Segment Open

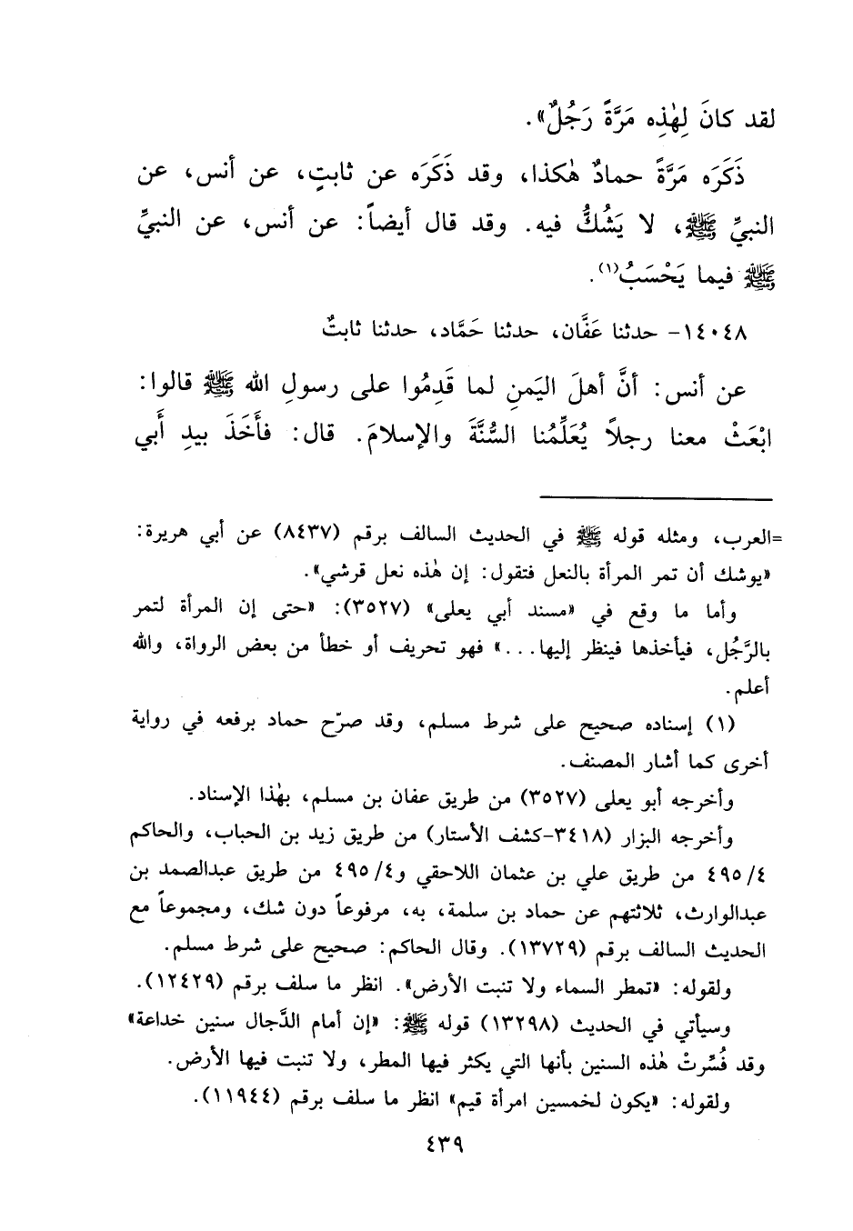 لَقَدْ كَانَ لِهَذِهِ مَرَّةً رَجُلٌ "، ذَكَرَهُ مَرَّةً حَمَّادٌ، هَكَذَا، وَقَدْ ذَكَرَهُ عَنْ ثَابِتٍ، عَنْ أَنَسٍ، عَنِ النَّبِيِّ صَلَّى اللهُ عَلَيْهِ وَسَلَّمَ، لَا يَشُكُّ فِيهِ، وَقَدْ قَالَ أَيْضًا: عَنْ أَنَسٍ، عَنِ النَّبِيِّ صَلَّى اللهُ عَلَيْهِ وَسَلَّمَ، فِيمَا يَحْسِبُ (١)
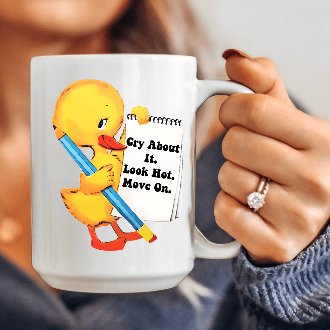 Introducing our empowering "Cry About It Look Hot Move On" 15 oz Mug. Life throws curveballs, but hey, we've got the perfect motto to handle it all. Crafted from sturdy ceramic and featuring a bold statement design, this mug is your daily dose of sass and resilience.
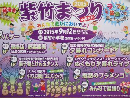 9月12日(土)15:00より21:00まで,本校の体育館・グラウンドを会場に,「紫竹まつり2015」(主催:紫竹まつり実行委員会)が行われる予定です。
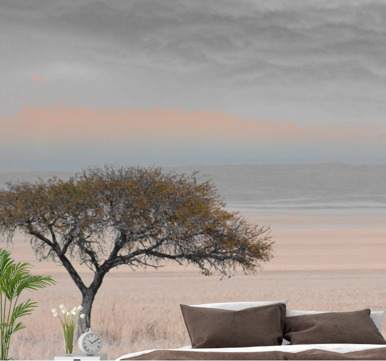This stunning wallpaper mural features a beautiful nature landscape that captures the essence of the African savannah. The centerpiece of the design is a majestic African tree that stands out against the plain landscape. With its rich colours and intricate details, this mural is sure to become the focal point of any room.
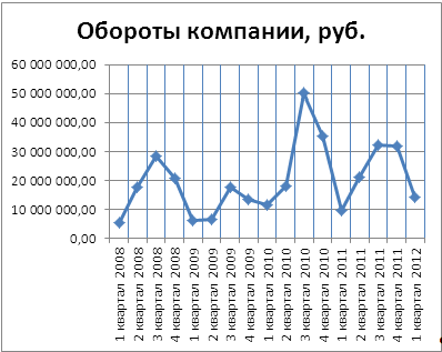 Наглядно поквартальное изменение товарооборота компании представим на

Segment Closed

## ACTION ITEM
Repeat the listing word for word, omitting the pictures.

## PROBLEM SOLUTION
 لَقَدْ كَانَ لِهَذِهِ مَرَّةً رَجُلٌ "، ذَكَرَهُ مَرَّةً حَمَّادٌ، هَكَذَا، وَقَدْ ذَكَرَهُ عَنْ ثَابِتٍ، عَنْ أَنَسٍ، عَنِ النَّبِيِّ صَلَّى اللهُ عَلَيْهِ وَسَلَّمَ، لَا يَشُكُّ فِيهِ، وَقَدْ قَالَ أَيْضًا: عَنْ أَنَسٍ، عَنِ النَّبِيِّ صَلَّى اللهُ عَلَيْهِ وَسَلَّمَ، فِيمَا يَحْسِبُ (١)
 Introducing our empowering "Cry About It Look Hot Move On" 15 oz Mug. Life throws curveballs, but hey, we've got the perfect motto to handle it all. Crafted from sturdy ceramic and featuring a bold statement design, this mug is your daily dose of sass and resilience.
 9月12日(土)15:00より21:00まで,本校の体育館・グラウンドを会場に,「紫竹まつり2015」(主催:紫竹まつり実行委員会)が行われる予定です。
This stunning wallpaper mural features a beautiful nature landscape that captures the essence of the African savannah. The centerpiece of the design is a majestic African tree that stands out against the plain landscape. With its rich colours and intricate details, this mural is sure to become the focal point of any room.
 Наглядно поквартальное изменение товарооборота компании представим на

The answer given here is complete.